__Instructions to follow__. Copy the records below word for word, from the first line through the line that contains "bc(基本计算器)是一个命令", and leave out any pictures.

Excerpts from a dataset:
= = = = =

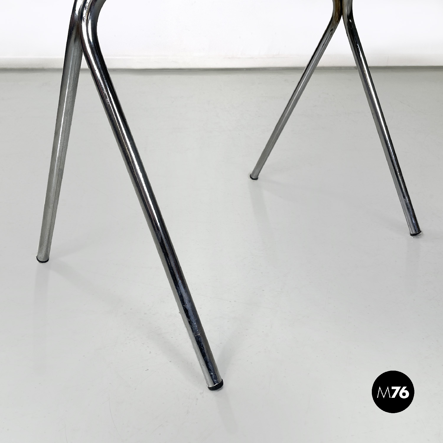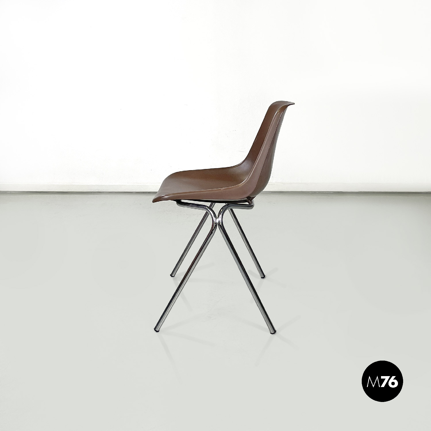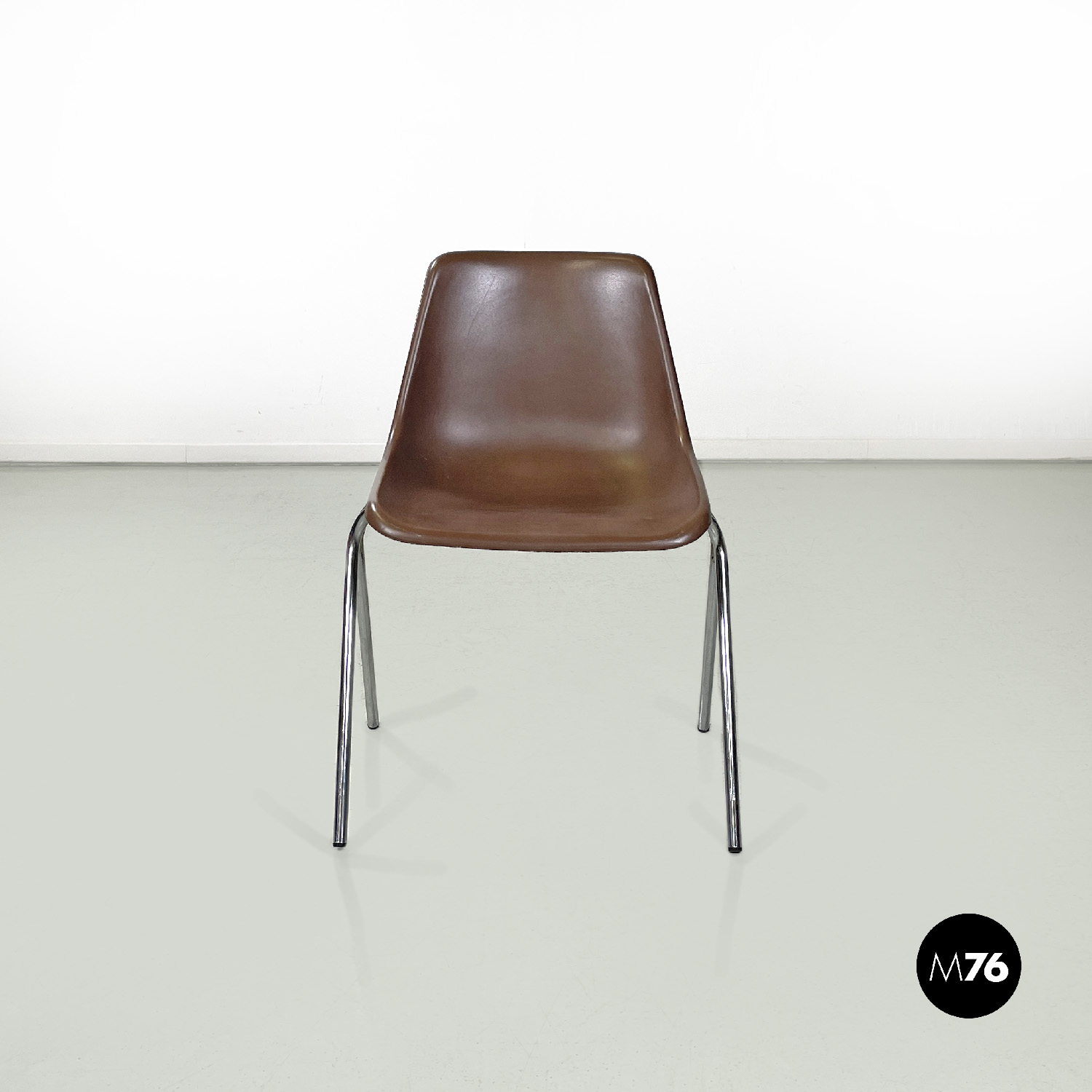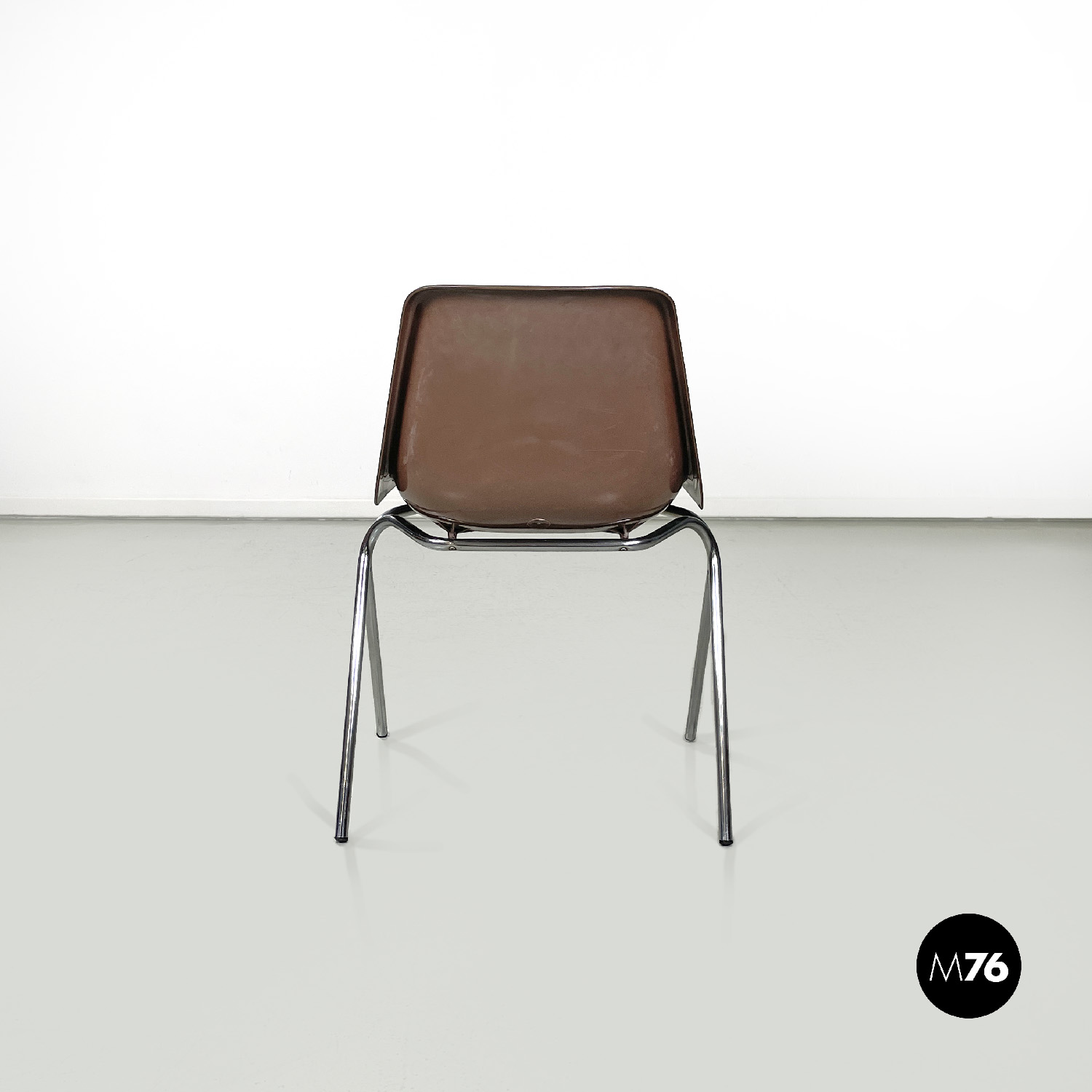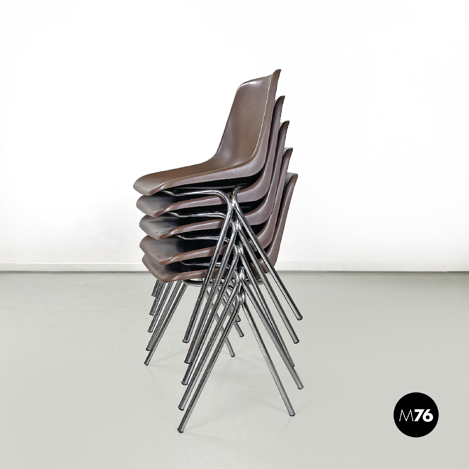 Set di cinque sedie con seduta e schienale composti da un’unica struttura in plastica marrone sagomata e curvata sulla seduta e sul perimetro. Le gambe sono in tondino di metallo cromato color argento terminano con piedini in plastica nera. Le sedie sono impilabili.
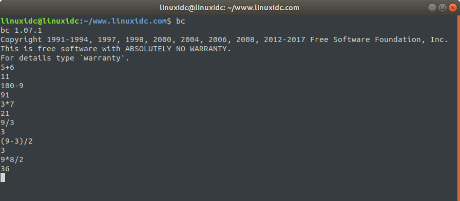 bc(基本计算器)是一个命令行实用程序,它提供了您希望从简单的科学或金融计算器中获得的所有功能。 它对于进行浮点数学运算特别有用。如果未安装bc命令,则可以使用以下命令安装:
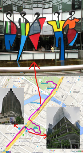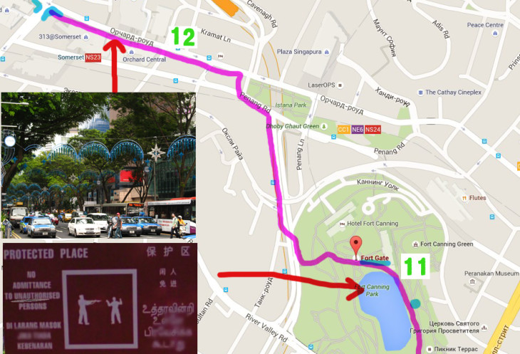Первой частью нашего маршрута является осмотр парка и пары огибающих его улиц, после чего планируется углубиться в китайский квартал, обойти его по периметру и, вернувшись к отелю, начать путешествие в самое сердце Сингапура - улице орхидей. Предлагаю Вашему вниманию первый отрезок пути на карте, цифры соответствуют центральным местам репортажей и их номерам.
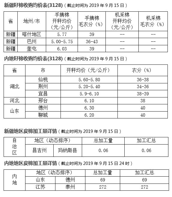 本年度棉花收購開秤時間較晚,開秤價低于往年,開秤率和收購量也較低,截止到9月15日,新疆累計加工量0.06噸、內(nèi)地341噸,其中山東69噸、江蘇272噸。
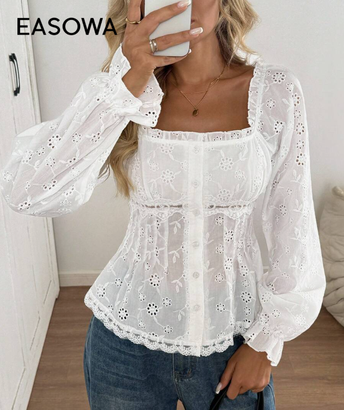 Blouse carrée col, garniture à volants, manches bouffantes

= = = = =

__Reply__.
 Set di cinque sedie con seduta e schienale composti da un’unica struttura in plastica marrone sagomata e curvata sulla seduta e sul perimetro. Le gambe sono in tondino di metallo cromato color argento terminano con piedini in plastica nera. Le sedie sono impilabili.
 bc(基本计算器)是一个命令行实用程序,它提供了您希望从简单的科学或金融计算器中获得的所有功能。 它对于进行浮点数学运算特别有用。如果未安装bc命令,则可以使用以下命令安装:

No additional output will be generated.